Task requirements - Only the pictures should be left out; repeat the rest of the data exactly.

Given data -
= Beginning of Section =
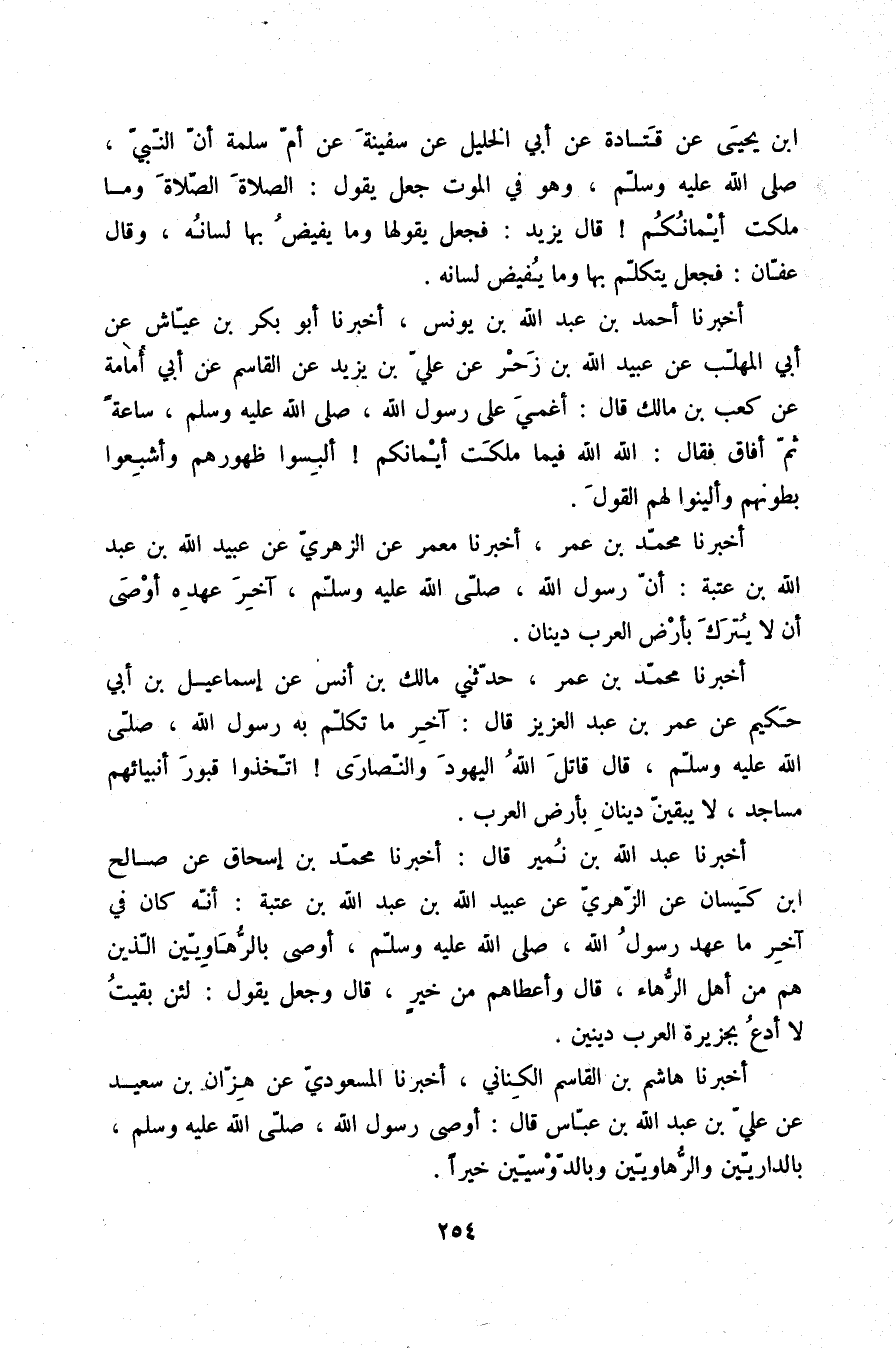 أَخْبَرَنَا عَبْدُ اللَّهِ بْنُ نُمَيْرٍ، قَالَ: أَخْبَرَنَا مُحَمَّدُ بْنُ إِسْحَاقَ، عَنْ صَالِحِ بْنِ كَيْسَانَ، عَنِ الزُّهْرِيِّ، عَنْ عُبَيْدِ اللَّهِ بْنِ عَبْدِ اللَّهِ بْنِ عُتْبَةَ: أَنَّهُ كَانَ فِي آخِرِ مَا عَهِدَ رَسُولُ اللَّهِ صلّى الله عليه وسلم أَوْصَى بِالرُّهَاوِيِّينَ الَّذِينَ هُمْ مِنْ أَهْلِ الرُّهَاءِ , قَالَ: وَأَعْطَاهُمْ مِنْ خَيْرٍ، قَالَ: وَجَعَلَ يَقُولُ: «لَئِنْ بَقِيتُ §لَا أَدَعُ بِجَزِيرَةِ الْعَرَبِ دِينَيْنِ»
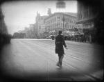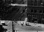 - Turning of Market Street near 6th or 7th street, with streetcar passengers watching the filming.
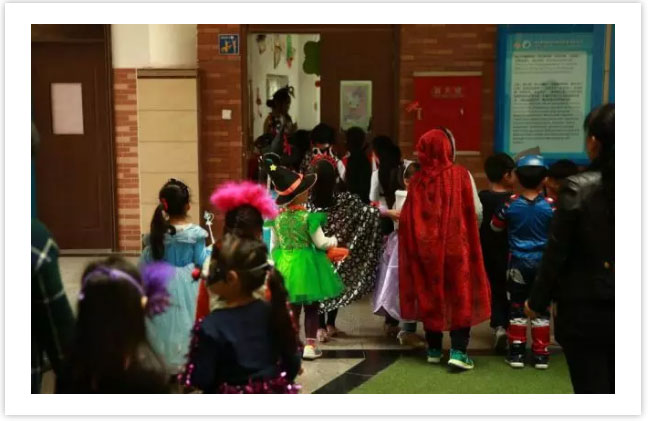 不一會兒,平日里樂于表達(dá)的他們手里已經(jīng)捧著滿滿的糖果,每個人臉上都洋溢著開心的笑容;看似荒誕卻又是百無禁忌的童真歡樂日。
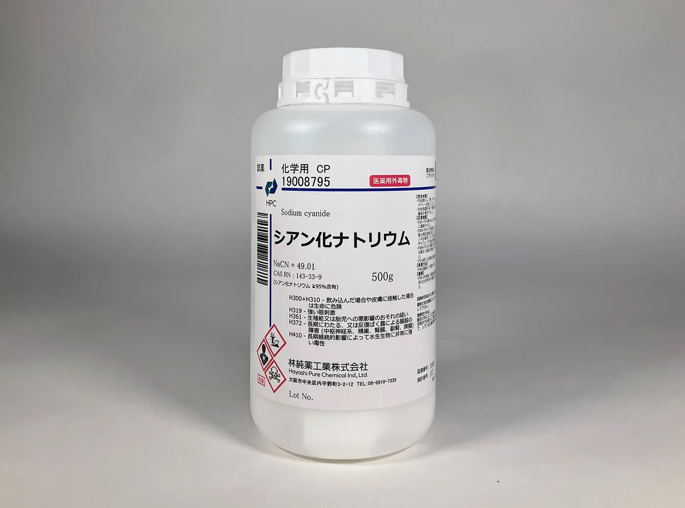| 使用上の注意 | 毒物のため、飲み込み、衣服、肌への付着に注意し、十分な排気の下で扱う。また有害で引火性のシアン化水素が発生するため、酸との接触を避けて扱う。 |
= End of Section =
Solved exercise -
 أَخْبَرَنَا عَبْدُ اللَّهِ بْنُ نُمَيْرٍ، قَالَ: أَخْبَرَنَا مُحَمَّدُ بْنُ إِسْحَاقَ، عَنْ صَالِحِ بْنِ كَيْسَانَ، عَنِ الزُّهْرِيِّ، عَنْ عُبَيْدِ اللَّهِ بْنِ عَبْدِ اللَّهِ بْنِ عُتْبَةَ: أَنَّهُ كَانَ فِي آخِرِ مَا عَهِدَ رَسُولُ اللَّهِ صلّى الله عليه وسلم أَوْصَى بِالرُّهَاوِيِّينَ الَّذِينَ هُمْ مِنْ أَهْلِ الرُّهَاءِ , قَالَ: وَأَعْطَاهُمْ مِنْ خَيْرٍ، قَالَ: وَجَعَلَ يَقُولُ: «لَئِنْ بَقِيتُ §لَا أَدَعُ بِجَزِيرَةِ الْعَرَبِ دِينَيْنِ»
 - Turning of Market Street near 6th or 7th street, with streetcar passengers watching the filming.
 不一會兒,平日里樂于表達(dá)的他們手里已經(jīng)捧著滿滿的糖果,每個人臉上都洋溢著開心的笑容;看似荒誕卻又是百無禁忌的童真歡樂日。
| 使用上の注意 | 毒物のため、飲み込み、衣服、肌への付着に注意し、十分な排気の下で扱う。また有害で引火性のシアン化水素が発生するため、酸との接触を避けて扱う。 |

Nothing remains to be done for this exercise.